EXERCISE DESCRIPTION>
Transcribe, word for word and without additions, each line below from the one containing "Дисковый шлифовальный станок: 1" through the one containing "百家姓历史235——门氏家族简介", both ends included.

WORKING DATA>
* * * *

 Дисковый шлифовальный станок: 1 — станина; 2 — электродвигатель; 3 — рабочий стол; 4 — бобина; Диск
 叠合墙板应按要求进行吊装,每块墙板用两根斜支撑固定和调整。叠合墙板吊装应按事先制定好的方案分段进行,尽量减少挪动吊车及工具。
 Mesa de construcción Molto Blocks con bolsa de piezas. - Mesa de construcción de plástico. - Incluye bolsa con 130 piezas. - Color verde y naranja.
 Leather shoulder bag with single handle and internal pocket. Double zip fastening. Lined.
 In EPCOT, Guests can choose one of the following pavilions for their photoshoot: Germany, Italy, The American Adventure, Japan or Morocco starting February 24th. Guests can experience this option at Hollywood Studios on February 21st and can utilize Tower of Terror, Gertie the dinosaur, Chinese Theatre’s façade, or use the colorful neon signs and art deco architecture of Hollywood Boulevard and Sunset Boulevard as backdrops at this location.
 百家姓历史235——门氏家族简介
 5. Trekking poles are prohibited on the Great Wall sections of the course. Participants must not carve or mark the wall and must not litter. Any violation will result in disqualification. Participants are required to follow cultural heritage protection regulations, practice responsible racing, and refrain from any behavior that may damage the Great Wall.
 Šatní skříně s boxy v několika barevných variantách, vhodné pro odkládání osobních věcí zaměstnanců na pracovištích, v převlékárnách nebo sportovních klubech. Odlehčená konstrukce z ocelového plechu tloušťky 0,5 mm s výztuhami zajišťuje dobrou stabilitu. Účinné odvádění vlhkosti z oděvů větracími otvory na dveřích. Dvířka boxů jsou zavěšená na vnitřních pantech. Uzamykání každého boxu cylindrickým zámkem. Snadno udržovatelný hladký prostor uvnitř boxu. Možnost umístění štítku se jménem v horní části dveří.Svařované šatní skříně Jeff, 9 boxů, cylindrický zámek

* * * *

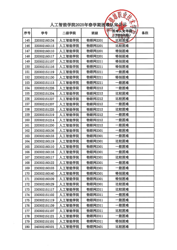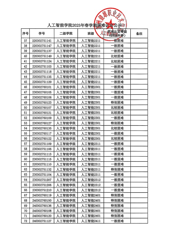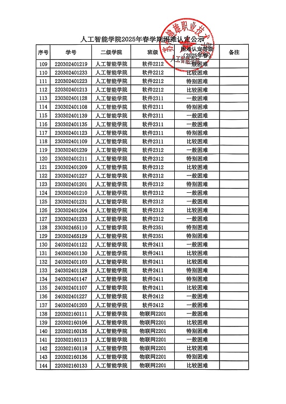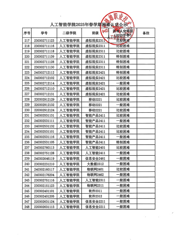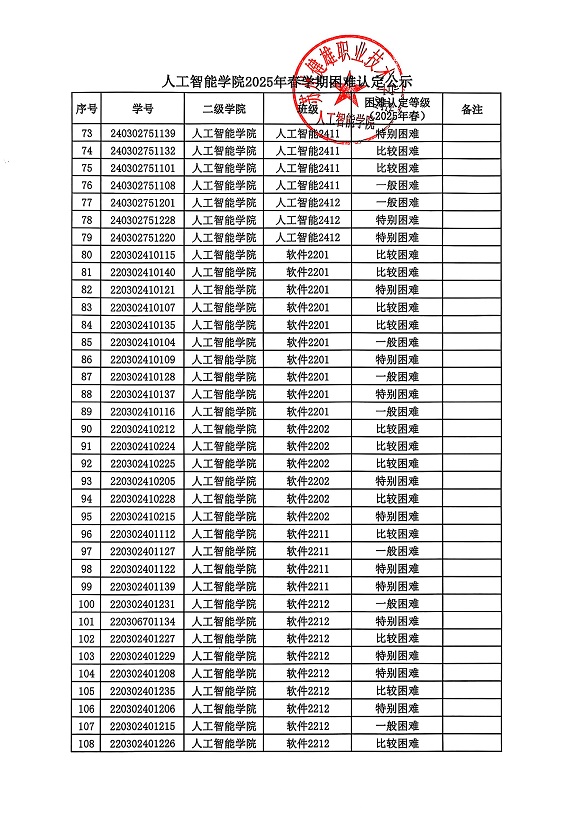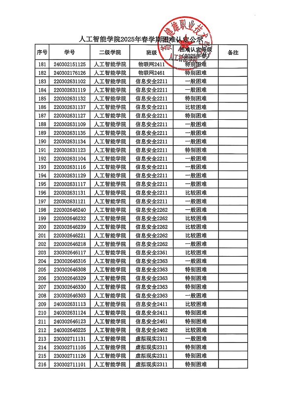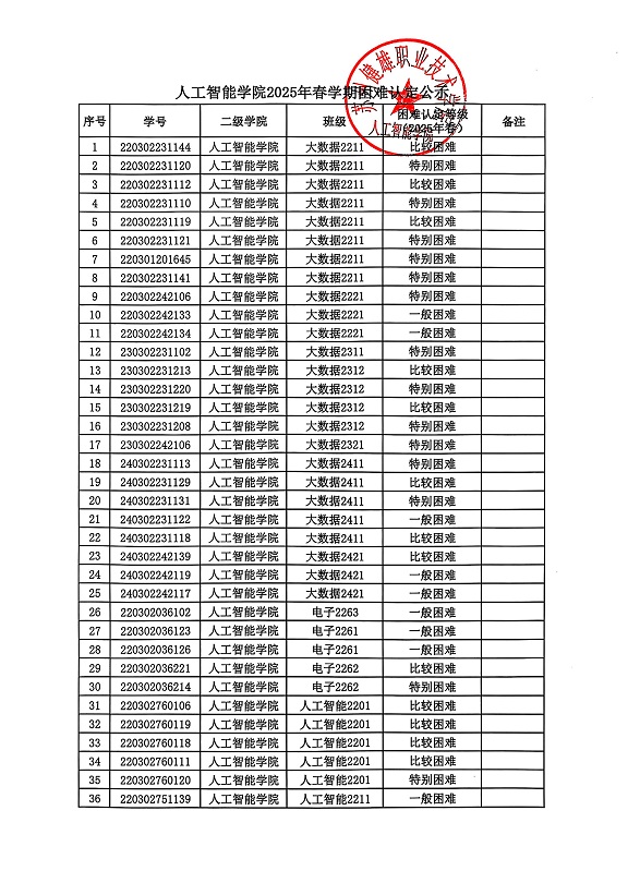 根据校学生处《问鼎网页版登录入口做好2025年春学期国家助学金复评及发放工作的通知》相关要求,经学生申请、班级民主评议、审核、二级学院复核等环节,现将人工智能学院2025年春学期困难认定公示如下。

* * * *

EXERCISE RESULT>
 Дисковый шлифовальный станок: 1 — станина; 2 — электродвигатель; 3 — рабочий стол; 4 — бобина; Диск
 叠合墙板应按要求进行吊装,每块墙板用两根斜支撑固定和调整。叠合墙板吊装应按事先制定好的方案分段进行,尽量减少挪动吊车及工具。
 Mesa de construcción Molto Blocks con bolsa de piezas. - Mesa de construcción de plástico. - Incluye bolsa con 130 piezas. - Color verde y naranja.
 Leather shoulder bag with single handle and internal pocket. Double zip fastening. Lined.
 In EPCOT, Guests can choose one of the following pavilions for their photoshoot: Germany, Italy, The American Adventure, Japan or Morocco starting February 24th. Guests can experience this option at Hollywood Studios on February 21st and can utilize Tower of Terror, Gertie the dinosaur, Chinese Theatre’s façade, or use the colorful neon signs and art deco architecture of Hollywood Boulevard and Sunset Boulevard as backdrops at this location.
 百家姓历史235——门氏家族简介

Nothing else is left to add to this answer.